1 kişi 2 kişiye, 2 kişi 4 kişiye, 4 kişi 8 kişiye derken bir anda patlama yaşanır. başlangıçta büyüme fark edilmez çünkü sayı küçük görünür ama sonra bomba gibi infilak eder.

bu yüzden hükümetler “erken önlem alın” der ama halk anlamaz. çünkü beynimiz doğrusal düşündüğü için “şu an sayı az, ne olacak ki” diyerek normal hayatına devam eder. sonra işler patlayınca herkes panik yapar.

yapay zeka neden bir anda çığ gibi büyüdü?

2000'lerin başında yapay zeka hala oyuncak gibi bir şeydi. google çeviri rezaletti, sesli asistanlar şaka gibiydi. ama sonra moore yasası devreye girdi: işlemciler her 18 ayda bir ikiye katlandı. 2010'lara geldiğimizde yapay zeka algoritmaları çaktırmadan gelişmeye başladı ama çoğumuz fark etmedik.

sonra 2020'lere geldik ve bir anda chatgpt, midjourney, stable diffusion patladı. çünkü teknolojik gelişmeler doğrusal değil, üstel büyüyor. ilk başta yavaş ilerliyor ama kritik noktaya ulaştığında durdurulamaz hale geliyor.

bu yüzden “yapay zeka şu an bu kadar iyiyse, 5 yıl sonra ne olur?” diye düşünüyorsan, cevabı şu: 5 yıl sonra bugünkü yapay zeka çocuk oyuncağı gibi gelecek.

evren neden gittikçe daha hızlı genişliyor?

big bang'den sonra evrenin genişlemesi doğrusal olarak devam etmiyor, aksine üstel olarak hızlanıyor. yani evren ne kadar büyürse, o kadar hızlı genişliyor. şu an bilim insanları bunun sebebini tam olarak bilmiyor ama “karanlık enerji” denilen bir kuvvetin bunu sağladığını düşünüyorlar.

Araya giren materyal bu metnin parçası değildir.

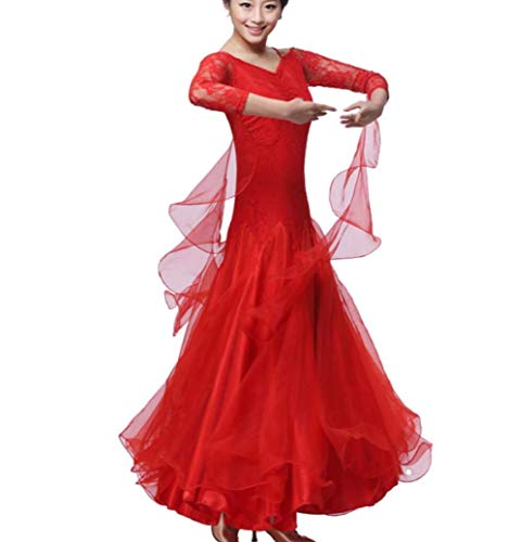 ZYLL Le Donne Moderne Valzer di vango Ballano Vestiti Abiti da Ballo Moderno Vestito Standard Nazionale Abiti da Ballo,Red,XXXL

bu demek oluyor ki birkaç milyar yıl sonra, uzak galaksiler ışık hızından daha hızlı bizden uzaklaşacağı için asla göremeyeceğimiz bir noktaya gelecekler. yani evren, bizim için sonsuz bir boşluğa dönüşecek.

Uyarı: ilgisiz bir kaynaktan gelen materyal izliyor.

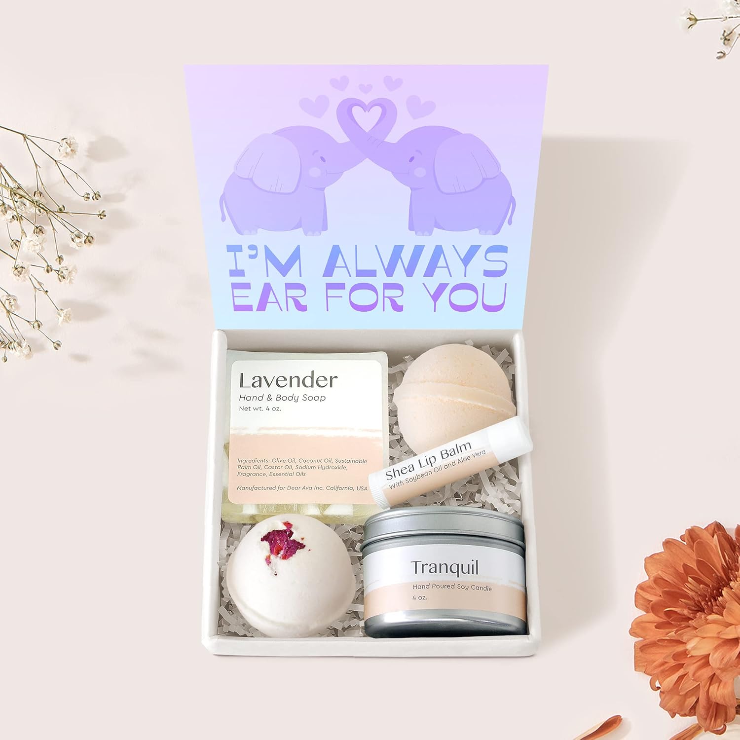 Dear Ava Spa Gifts for Women - Organic Self Care luxury Anti Stress Relaxing Bath and Body Kit Set Basket Box for Her with Heartfelt Card - Funny Motivational Gift
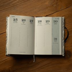 Ručně vázaný diář velikosti 11 x 15,5cm s naším originálním zpracováním. Desky potažené designovým papírem s praktickou gumičkou.
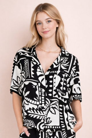 This print is so fun, pair her up with our Cami Pants. Feeling sexy do a tie in the front of the button up.

sonuç: beyniniz asla üstel büyümeyi kavrayamayacak ama hayatınızı yöneten şey bu

şimdi bir düşün: bir şeyin büyüme hızı sabit bir yüzdeyle artıyorsa, siz henüz fark etmeden gelecekte ne hale gelir?

• paranız üstel olarak artabilir (ya da enflasyon yüzünden eriyebilir).

• teknolojiniz bir anda çılgın seviyelere ulaşabilir.

• dünyadaki kaynaklar eksponansiyel olarak tükenebilir.

• virüsler bir anda patlayabilir.

ve beyniniz her seferinde “bu nasıl oldu ya?” diyerek şaşırmaya devam edecek. çünkü insan zihni, doğrusal düşünmek için evrimleşti.

ama evren doğrusal büyümüyor.

bu yüzden üstel büyümeyi anlayanlar dünyayı yönetir, anlamayanlar neden her şeyin bir anda değiştiğini anlamadan izler.